## Work item
Beginning at the first line of the material, output each line exactly until you reach and include the line containing "19 января в". Leave every picture out.

*** Provided material Section Begins ***

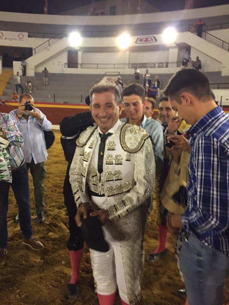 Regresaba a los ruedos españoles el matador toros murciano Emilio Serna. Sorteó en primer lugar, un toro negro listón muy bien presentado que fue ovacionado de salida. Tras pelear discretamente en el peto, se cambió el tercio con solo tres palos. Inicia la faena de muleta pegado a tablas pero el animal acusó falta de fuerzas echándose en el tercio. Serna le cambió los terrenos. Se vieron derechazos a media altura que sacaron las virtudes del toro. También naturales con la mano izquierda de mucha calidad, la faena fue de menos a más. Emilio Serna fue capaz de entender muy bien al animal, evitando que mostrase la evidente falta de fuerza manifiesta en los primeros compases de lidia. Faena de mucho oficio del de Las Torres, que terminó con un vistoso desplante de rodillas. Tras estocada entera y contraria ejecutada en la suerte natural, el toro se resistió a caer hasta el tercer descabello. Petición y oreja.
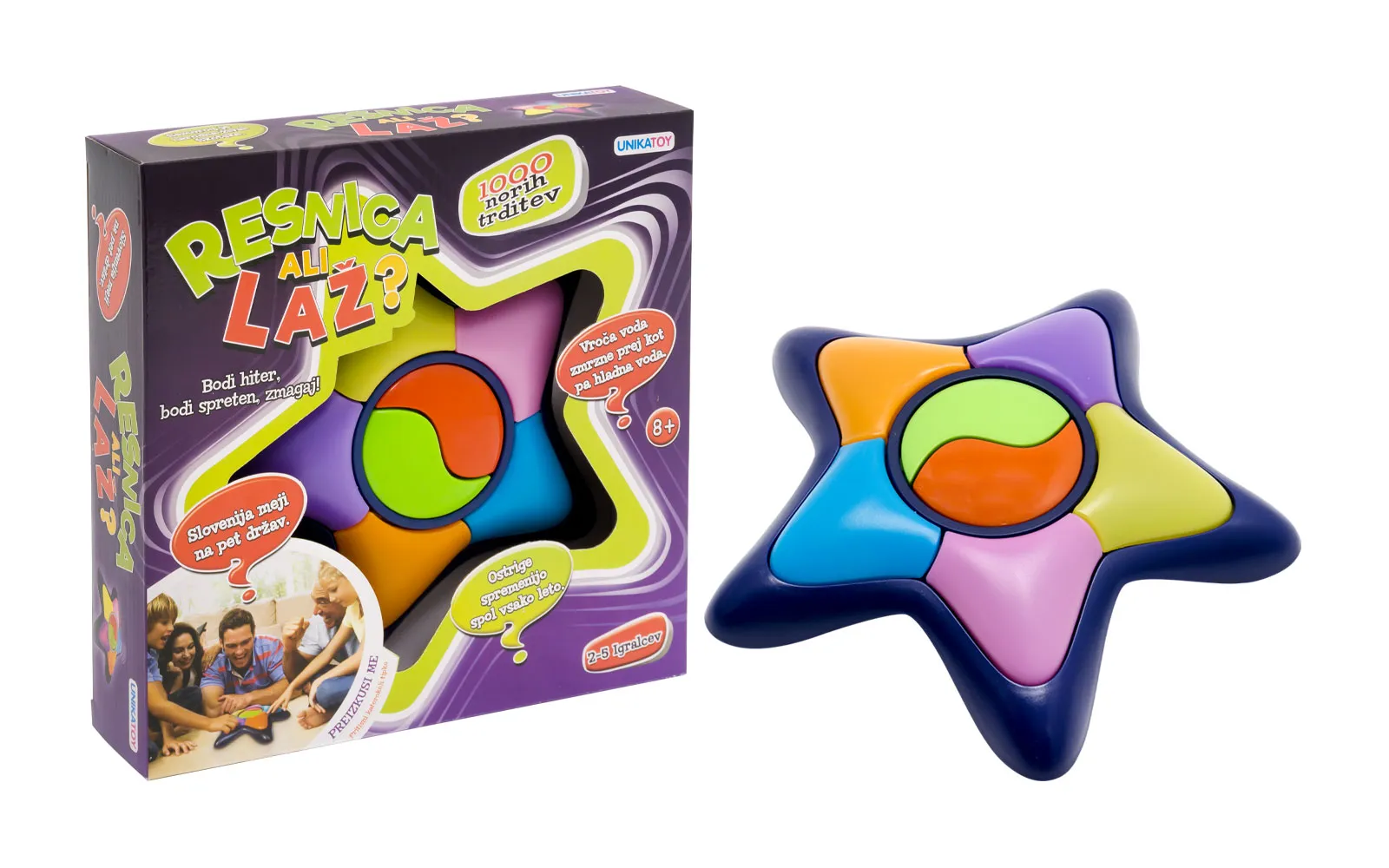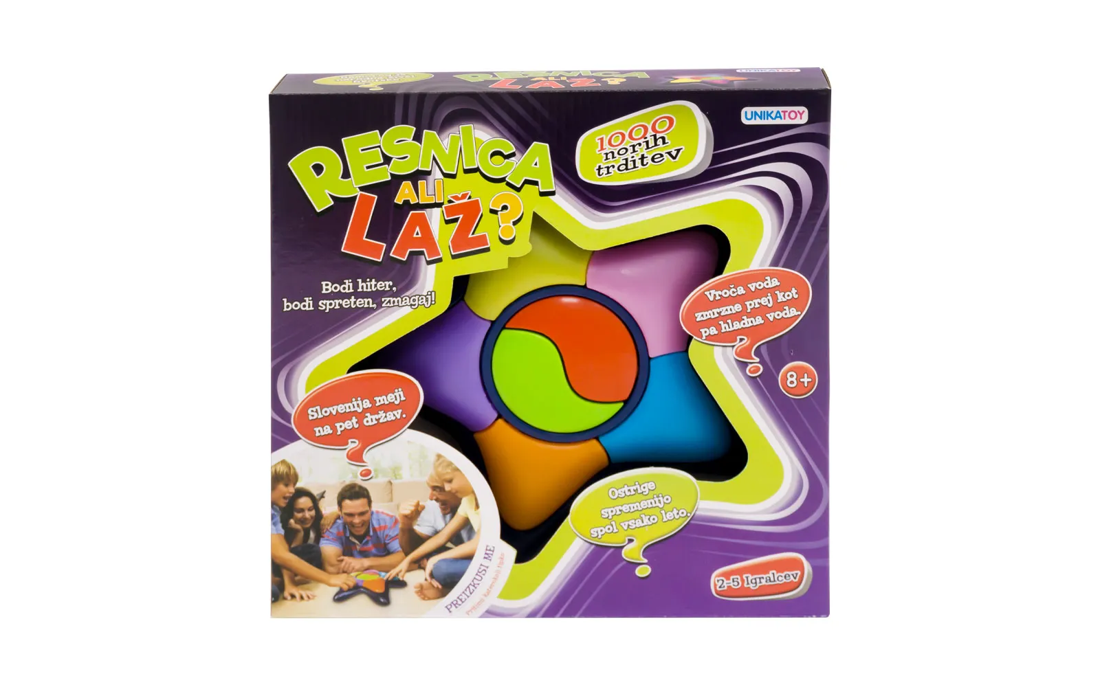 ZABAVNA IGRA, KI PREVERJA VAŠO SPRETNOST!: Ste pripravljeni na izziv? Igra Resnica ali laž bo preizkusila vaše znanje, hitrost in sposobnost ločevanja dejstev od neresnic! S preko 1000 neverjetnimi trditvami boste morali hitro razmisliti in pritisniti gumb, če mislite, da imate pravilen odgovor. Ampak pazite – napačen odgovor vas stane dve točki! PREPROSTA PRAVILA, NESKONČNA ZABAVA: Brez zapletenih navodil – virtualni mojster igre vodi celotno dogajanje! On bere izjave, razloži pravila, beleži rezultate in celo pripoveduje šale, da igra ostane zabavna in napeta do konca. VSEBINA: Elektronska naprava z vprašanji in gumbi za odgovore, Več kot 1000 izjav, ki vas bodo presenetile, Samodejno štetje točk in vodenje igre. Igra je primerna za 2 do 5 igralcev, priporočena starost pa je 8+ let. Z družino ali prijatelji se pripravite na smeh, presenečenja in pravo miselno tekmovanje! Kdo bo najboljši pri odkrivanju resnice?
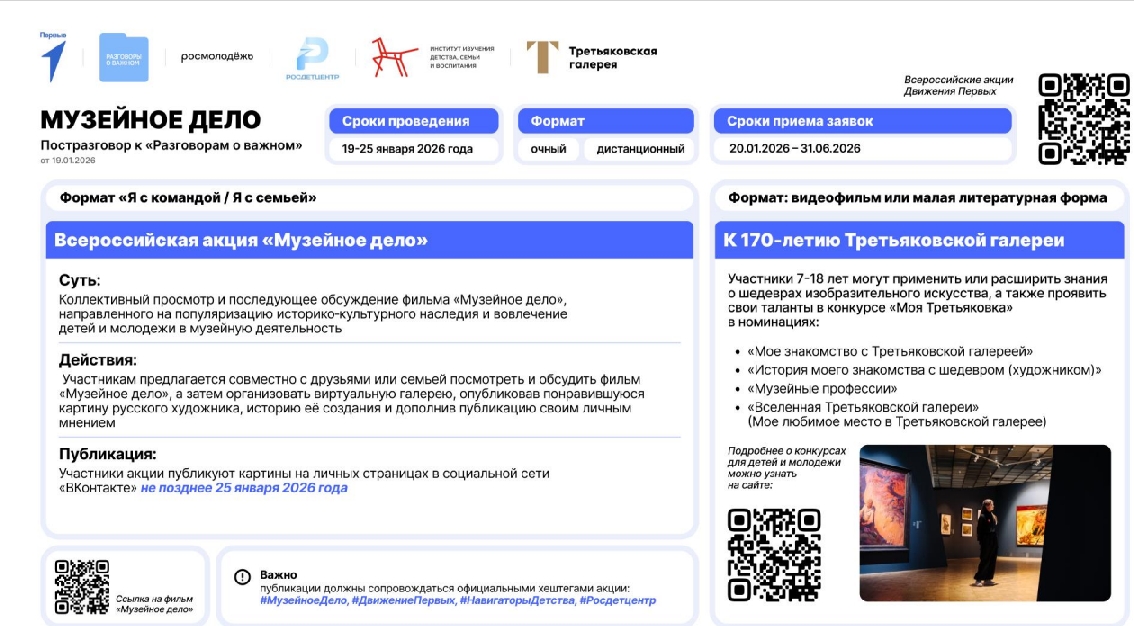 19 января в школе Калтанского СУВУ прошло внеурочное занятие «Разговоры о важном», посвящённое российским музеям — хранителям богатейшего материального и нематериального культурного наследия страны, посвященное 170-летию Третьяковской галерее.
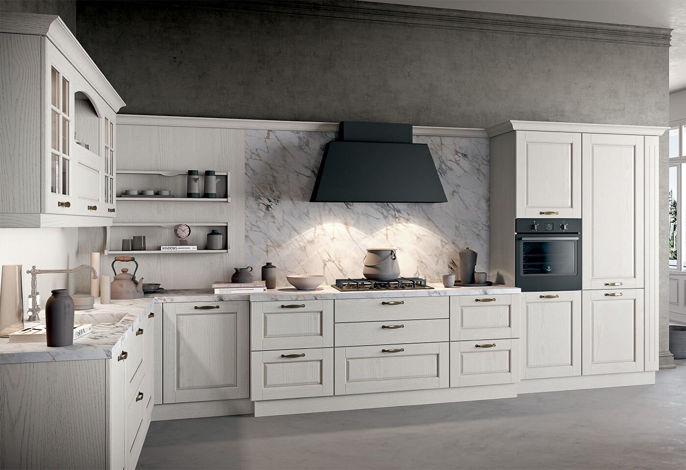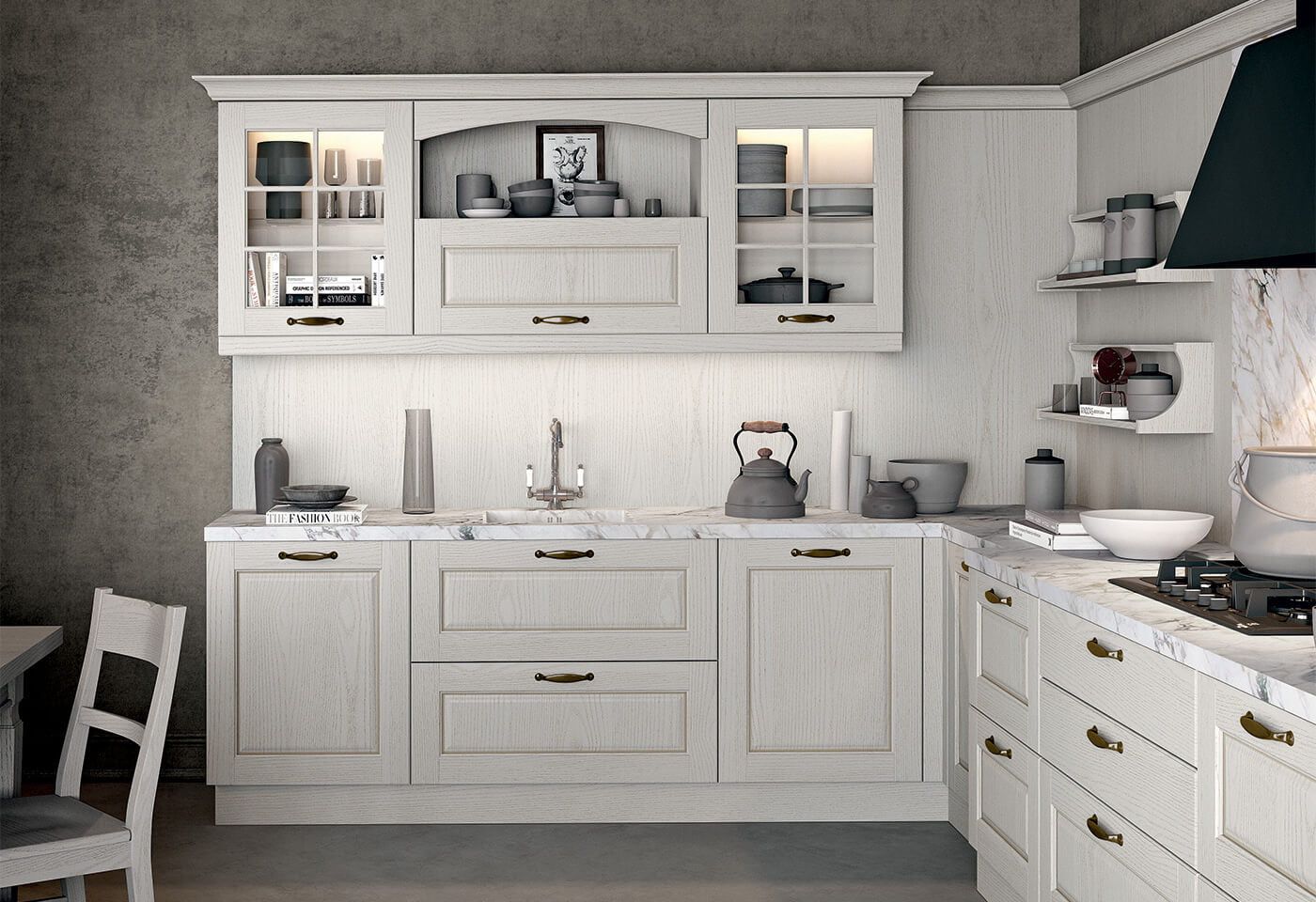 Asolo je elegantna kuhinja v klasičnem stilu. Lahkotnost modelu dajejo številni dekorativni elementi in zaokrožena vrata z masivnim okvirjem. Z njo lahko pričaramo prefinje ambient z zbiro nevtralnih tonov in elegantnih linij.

*** Provided material Section Ends ***

## Answer for this exercise
 Regresaba a los ruedos españoles el matador toros murciano Emilio Serna. Sorteó en primer lugar, un toro negro listón muy bien presentado que fue ovacionado de salida. Tras pelear discretamente en el peto, se cambió el tercio con solo tres palos. Inicia la faena de muleta pegado a tablas pero el animal acusó falta de fuerzas echándose en el tercio. Serna le cambió los terrenos. Se vieron derechazos a media altura que sacaron las virtudes del toro. También naturales con la mano izquierda de mucha calidad, la faena fue de menos a más. Emilio Serna fue capaz de entender muy bien al animal, evitando que mostrase la evidente falta de fuerza manifiesta en los primeros compases de lidia. Faena de mucho oficio del de Las Torres, que terminó con un vistoso desplante de rodillas. Tras estocada entera y contraria ejecutada en la suerte natural, el toro se resistió a caer hasta el tercer descabello. Petición y oreja.
 ZABAVNA IGRA, KI PREVERJA VAŠO SPRETNOST!: Ste pripravljeni na izziv? Igra Resnica ali laž bo preizkusila vaše znanje, hitrost in sposobnost ločevanja dejstev od neresnic! S preko 1000 neverjetnimi trditvami boste morali hitro razmisliti in pritisniti gumb, če mislite, da imate pravilen odgovor. Ampak pazite – napačen odgovor vas stane dve točki! PREPROSTA PRAVILA, NESKONČNA ZABAVA: Brez zapletenih navodil – virtualni mojster igre vodi celotno dogajanje! On bere izjave, razloži pravila, beleži rezultate in celo pripoveduje šale, da igra ostane zabavna in napeta do konca. VSEBINA: Elektronska naprava z vprašanji in gumbi za odgovore, Več kot 1000 izjav, ki vas bodo presenetile, Samodejno štetje točk in vodenje igre. Igra je primerna za 2 do 5 igralcev, priporočena starost pa je 8+ let. Z družino ali prijatelji se pripravite na smeh, presenečenja in pravo miselno tekmovanje! Kdo bo najboljši pri odkrivanju resnice?
 19 января в школе Калтанского СУВУ прошло внеурочное занятие «Разговоры о важном», посвящённое российским музеям — хранителям богатейшего материального и нематериального культурного наследия страны, посвященное 170-летию Третьяковской галерее.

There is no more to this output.